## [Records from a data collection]
-- Opening Marker --
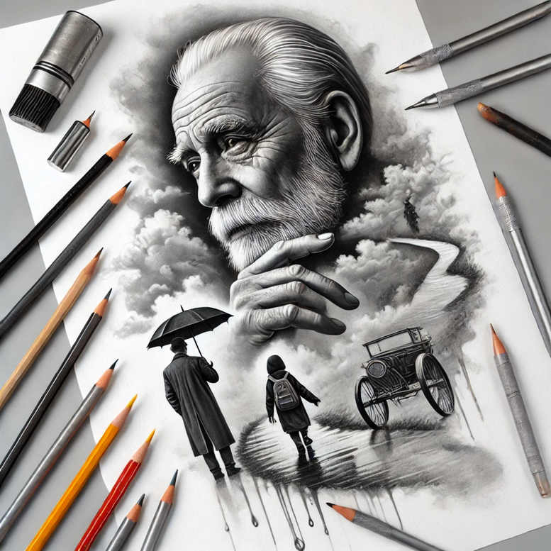 AI-generated tattoo project concept, presented as a cinematic black and grey composition. The focal point is a large, contemplative elder man’s face rendered with graphite-like shading to convey wisdom and memory. Surrounding elements drift into a moody atmosphere: clouds swirl overhead, while rain-darkened ground pulls the eye toward a winding road that disappears into a distant horizon. In the foreground, a figure with an umbrella stands against the weather, accompanied by a child wearing a backpack, suggesting guidance, journey, and growth. A vintage carriage sits beside the roadside, providing a nostalgic counterpoint to modern life and hinting at stories carried through time. The piece uses sharp contrast between the deep blacks and soft grey transitions to create depth, texture, and a sense of movement, while negative space helps isolate key motifs and makes the scene legible as a tattoo design. The symbolism is deliberate: elder as keeper of memory, umbrella as protection from life’s storms, road as the path of experience, carriage as a link to the past, child as potential and innocence. This concept fits well within meaningful tattoos and fine line tattoo traditions when adapted for skin, while remaining a strong example of black and grey realism and custom tattoo design. It also functions as a cover-up concept, where bold black blocks can obscure an older tattoo, and the surrounding shading can blend into a seamless transition. As an AI-generated concept, it offers a flexible blueprint for artists to tailor line density, scale, and placement, delivering a timeless body art piece that reads clearly at a distance and rewards closer inspection with intricate shading and narrative depth.
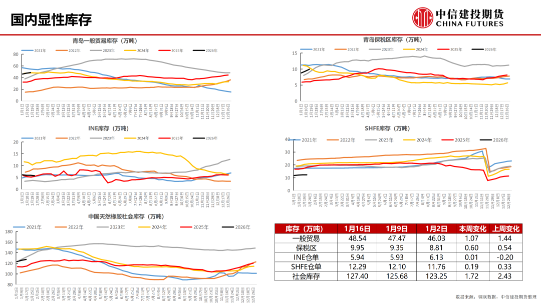 库存:截至2026年1月18日,中国天然橡胶社会库存127.3万吨,环比增加1.7万吨,增幅1.3%。中国深色胶社会总库存为85万吨,增1.7%。其中青岛现货库存增2.9%;云南降1%;越南10#降1.9%;NR库存小计增0.17%。中国浅色胶社会总库存为42.3万吨,环比增0.6%。其中老全乳胶环比降1.5%,3L环比增9%,RU库存小计增1.57%。
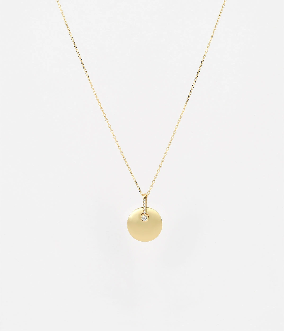 Collier en acier uni ou doré à l’or fin sur lequel se trouve un médaillon uni est attaché par des zirconiums.
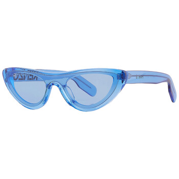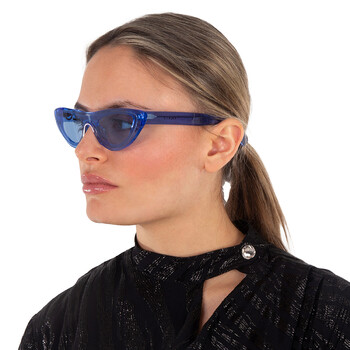 Kenzo Sunglasses. Series number: KZ40007I. Color code: 84V. Shape: Cat Eye. Lens Width: 00 mm. Lens Bridge: 00 mm. Arm Length: 145 mm. 100% UV protection. Non-Polarized. Frame Material: Acetate. Frame Color: Shiny Light Blue. Lenses Type: Blue. Rim Style: Full-Rim. UPC/EAN code: 192337012082. Kenzo Blue Cat Eye Ladies Sunglasses KZ40007I 84V 00.
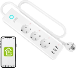 La prise WiFi intelligente Gosund P1 Plus offre 3 ports USB‑A de 15 W pour une charge rapide et 3 prises AC, toutes avec protection intégrée contre les surtensions. Via l’application, vous pouvez contrôler chaque prise individuellement et suivre la consommation en temps réel des appareils.
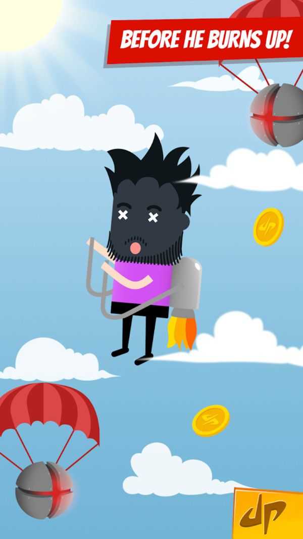 3、操控角色在空中飞行时,躲避带降落伞的炸弹等障碍物,收集金币,提升分数,持续挑战高分。
-- Closing Marker --
## [TO DO]
Only the lines from the one containing "Kenzo Sunglasses. Series" through the end of the records should be copied, exactly and with both ends included; the pictures should not.

## [RESULT OF THE TASK]
 Kenzo Sunglasses. Series number: KZ40007I. Color code: 84V. Shape: Cat Eye. Lens Width: 00 mm. Lens Bridge: 00 mm. Arm Length: 145 mm. 100% UV protection. Non-Polarized. Frame Material: Acetate. Frame Color: Shiny Light Blue. Lenses Type: Blue. Rim Style: Full-Rim. UPC/EAN code: 192337012082. Kenzo Blue Cat Eye Ladies Sunglasses KZ40007I 84V 00.
 La prise WiFi intelligente Gosund P1 Plus offre 3 ports USB‑A de 15 W pour une charge rapide et 3 prises AC, toutes avec protection intégrée contre les surtensions. Via l’application, vous pouvez contrôler chaque prise individuellement et suivre la consommation en temps réel des appareils.
 3、操控角色在空中飞行时,躲避带降落伞的炸弹等障碍物,收集金币,提升分数,持续挑战高分。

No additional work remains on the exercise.